High-yield: Long-standing discharging sinus/scar → think Marjolin's ulcer (well-differentiated SCC, slow-growing, painless because of destroyed lymphatics/nerves, spreads late).


Key differentials

  • A perianal abscess vs a fistula-in-ano — abscess is the acute phase, fistula the chronic sequel.
  • Pilonidal sinus vs perianal fistula vs hidradenitis suppurativa (apocrine gland inflammation, multiple sinuses in axilla/groin).
  • Cold abscess (TB) vs pyogenic abscess — cold abscess lacks acute signs; do NOT incise (risk of non-healing sinus).
  • Cellulitis (no drainable collection) vs abscess (drainable) — USG settles it and changes management.

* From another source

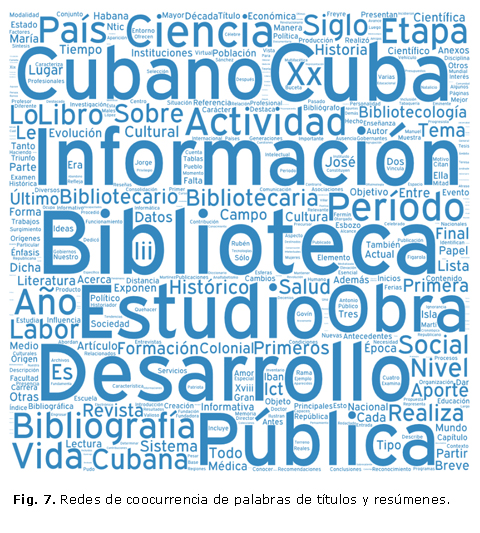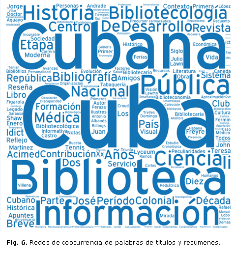 El espacio temporal donde se inscriben los fenómenos estudiados corresponden, en mayor medida, al período colonial y republicano. La presencia del término Habana, revela el predominio de la capital como espacio geográfico donde se ubican, con mayor frecuencia, los hechos objeto de investigación. Esto apunta a la escasa visibilidad de las investigaciones históricas del resto del territorio cubano en las fuentes consultadas. Desarrollo, actividad, creación, contribución, historia, cambios y evolución denotan la intención de sistematizar y generalizar los hechos que son reflejo de un pasado en constante transformación y estrechamente vinculado con aspectos de orden económico y cultural que forman parte de un contexto y de la sociedad. Muestran la incidencia del paradigma social en el tratamiento histórico de los fenómenos asociados al campo. Por otra parte, el análisis histórico de la literatura científica se combinó con la perspectiva bibliométrica y de análisis de contenido de manera que constituyó una subtemática representativa para la revelación de tradiciones profesionales.

Recently asked / exam angle

  • "Number of openings in a fistula?" → Two. (Sinus = one.)
  • Goodsall's rule — direction/curvature of the track based on external opening position; the 3 cm anterior exception is a favourite trap.
  • "Commonest cause of a non-healing sinus/fistula?" → Foreign body (FRIEND mnemonic asked directly).
  • "Treatment of choice for a low anal fistula?" → Fistulotomy; for high fistula → seton.
  • "Investigation of choice for complex fistula-in-ano?" → MRI pelvis.
  • "Sterile firm mass after partially treated abscess?" → Antibioma.
  • Hilton's method of abscess drainage (near vital structures) — definition-based recall.
  • Enterocutaneous fistula management → SNAP; high-output cut-off >500 mL/day; octreotide reduces output.
  • Commonest organism in pyogenic abscess → Staphylococcus aureus.
  • Park's classification — commonest type is intersphincteric.

Rapid revision

  1. Abscess = pus in a cavity walled by a pyogenic membrane; commonest organism S. aureus.
  2. Definitive treatment of an abscess is incision & drainage — antibiotics alone fail (pyogenic membrane).
  3. Leave the drained cavity open to heal by secondary intention; use Hilton's method near vital structures.
  4. Antibioma = sterile hard mass from giving antibiotics without draining.
  5. Cold abscess (TB) — aspirate via a non-dependent site + ATT; do NOT incise.
  6. Sinus = one opening (blind track); Fistula = two openings (joins two epithelial surfaces).
  7. Causes of non-healing sinus/fistula = FRIEND (Foreign body, Radiation, Infection, Epithelialisation, Neoplasm, Distal obstruction); foreign body is commonest.
  8. Pilonidal sinus — hair-bearing natal cleft; treat with flap excision (Limberg/Karydakis), not midline closure.
  9. Fistula-in-ano arises from cryptoglandular anal gland infection; internal opening at the dentate line.
  10. Goodsall's rule — anterior opening = straight radial track; posterior = curved to 6 o'clock midline; anterior >3 cm is the exception.
  11. MRI pelvis is the investigation of choice for complex fistula-in-ano; fistulotomy for low, seton/LIFT for high.
  12. Enterocutaneous fistula → manage by SNAP (Sepsis, Nutrition, Anatomy, Procedure); high output >500 mL/day; chronic sinus/scar → suspect Marjolin's ulcer (SCC).